In this blog, I look at how Sutherland tackled the challenge of health plans maintaining accurate provider data in the state of California.

The challenge: inaccurate health plan data about providers

It’s been difficult for health plans in California to maintain accurate, up-to-date information on the current status of providers in the state. According to outsourcing vendor Sutherland, experience indicates that 60% of provider directories contain serious material errors. Health plan data frequently indicated that doctors were no longer accepting new patients, even though they in fact were. The data frequently presented the state regulatory body, health plans, and patients with inaccurate information about whether doctors continued to practice their specialty, had moved to new locations, or were contracted to work with particular health plans or their products.

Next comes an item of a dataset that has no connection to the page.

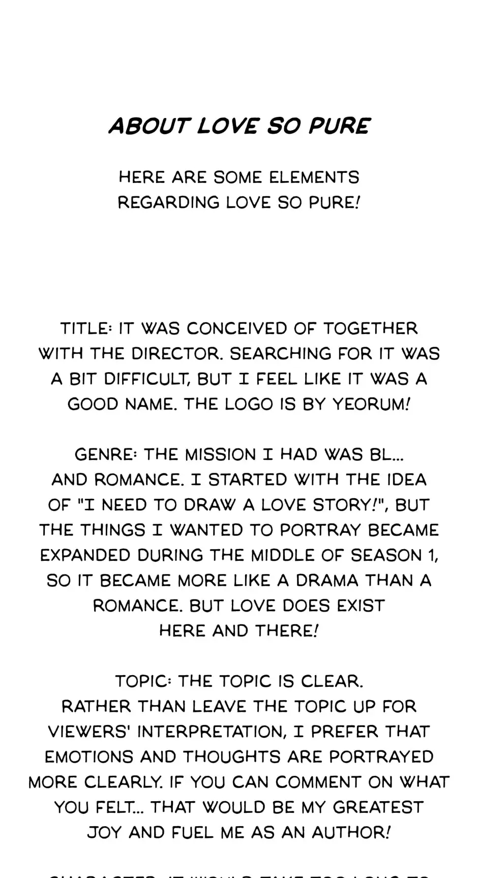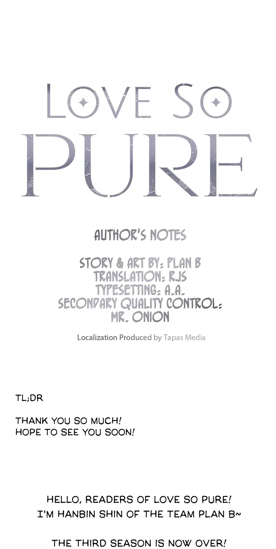 Highest Order (Love So Pure) - Chapter 114 Author's Note
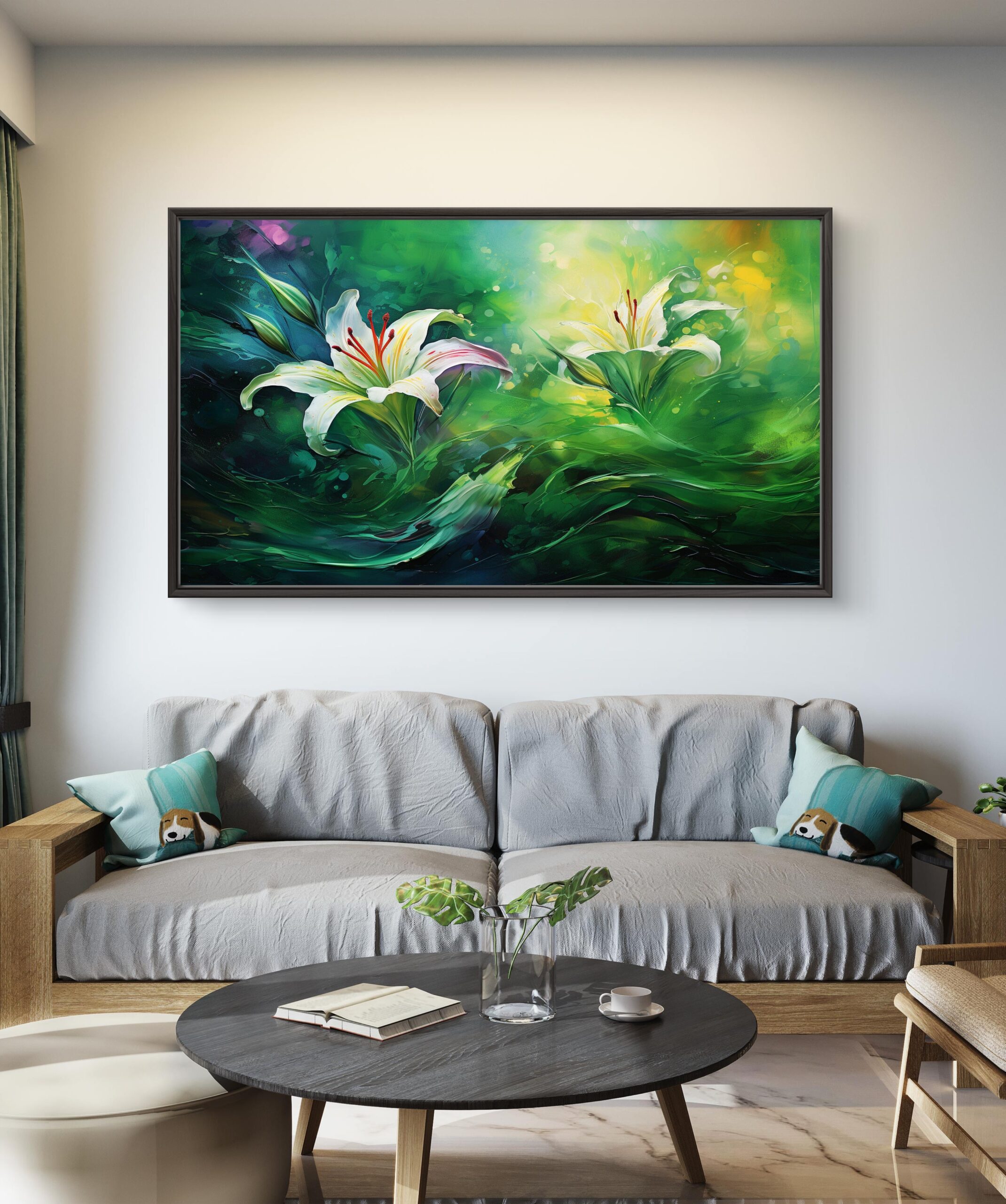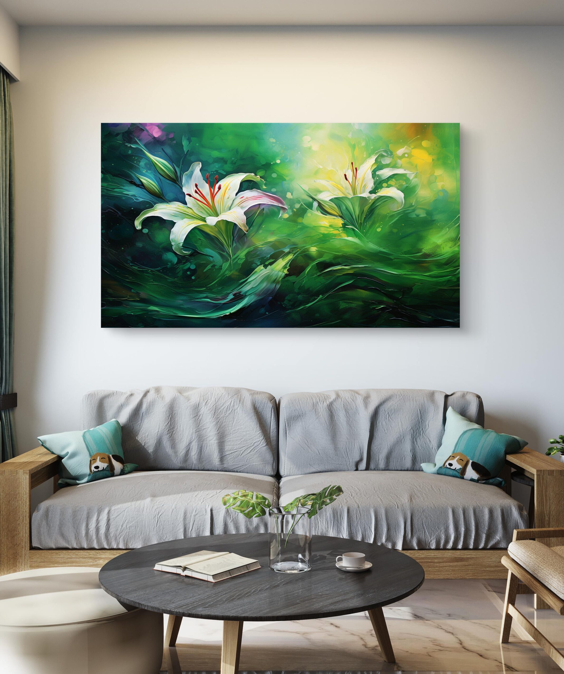 Plongez dans un monde de calme et de beauté avec Sérénité Florale, une œuvre lumineuse mettant en scène deux lys majestueux flottant dans un tourbillon de vert et de lumière. Ce tableau incarne l’harmonie entre la nature et l’émotion, avec des couleurs éclatantes qui apportent fraîcheur et douceur à n’importe quel intérieur. Idéal pour créer une atmosphère apaisante dans un salon, une chambre ou un espace de détente.

The context: gaining access to timely CA medical services

Since 2017, Sutherland has created a shared services model for over a dozen CA health plans that obviates the need for participating California health plans to each separately build and update parallel databases that track the availability of provider appointments for urgent and non-urgent care for health plan members. The State Department of Managed Healthcare (DMHC), which regulates the state’s health plans, requires that health plans and providers make available appointments for urgent and non-urgent care, varying by specialty, from two to 14 days. Until recently, each health plan created and updated its own massive database of providers that participated in each of those plan’s products.

In a state in which Sutherland reports that the average provider contracts with ~ 15 health plan products, the law resulted in a myriad of duplicative efforts, each of which imposed burdensome requirements on providers.

The Sutherland solution

Sutherland has initiated a shared services platform that reduces this burden for health plans, providers, and state agencies, and increases the accuracy of reporting to the DMHC. In particular, Sutherland spearheaded the coopetition of health plans in California in 2017 by creating a shared services model that built and updated the Provider Appointment Availability Survey (PAAS) on behalf of a consortium.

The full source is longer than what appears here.